• **Exercise**: Please repeat only the lines below starting at the line that holds "Полный интерфейс: меню" and ending at the line that holds "To further investigate", exactly, with both of those lines included and every picture omitted.

• **Material provided**:
++++++++

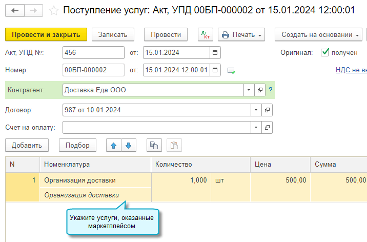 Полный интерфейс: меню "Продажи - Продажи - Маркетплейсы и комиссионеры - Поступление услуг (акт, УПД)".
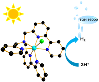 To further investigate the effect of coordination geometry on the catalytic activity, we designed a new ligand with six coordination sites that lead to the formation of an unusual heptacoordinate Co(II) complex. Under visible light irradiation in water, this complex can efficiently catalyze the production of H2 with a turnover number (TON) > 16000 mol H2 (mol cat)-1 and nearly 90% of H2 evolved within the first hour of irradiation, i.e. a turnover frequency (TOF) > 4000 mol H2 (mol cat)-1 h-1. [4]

++++++++

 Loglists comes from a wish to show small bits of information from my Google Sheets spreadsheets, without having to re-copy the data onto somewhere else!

++++++++

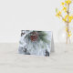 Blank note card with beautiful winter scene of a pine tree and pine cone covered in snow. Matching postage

++++++++

• **Answer for the task**:
 Полный интерфейс: меню "Продажи - Продажи - Маркетплейсы и комиссионеры - Поступление услуг (акт, УПД)".
 To further investigate the effect of coordination geometry on the catalytic activity, we designed a new ligand with six coordination sites that lead to the formation of an unusual heptacoordinate Co(II) complex. Under visible light irradiation in water, this complex can efficiently catalyze the production of H2 with a turnover number (TON) > 16000 mol H2 (mol cat)-1 and nearly 90% of H2 evolved within the first hour of irradiation, i.e. a turnover frequency (TOF) > 4000 mol H2 (mol cat)-1 h-1. [4]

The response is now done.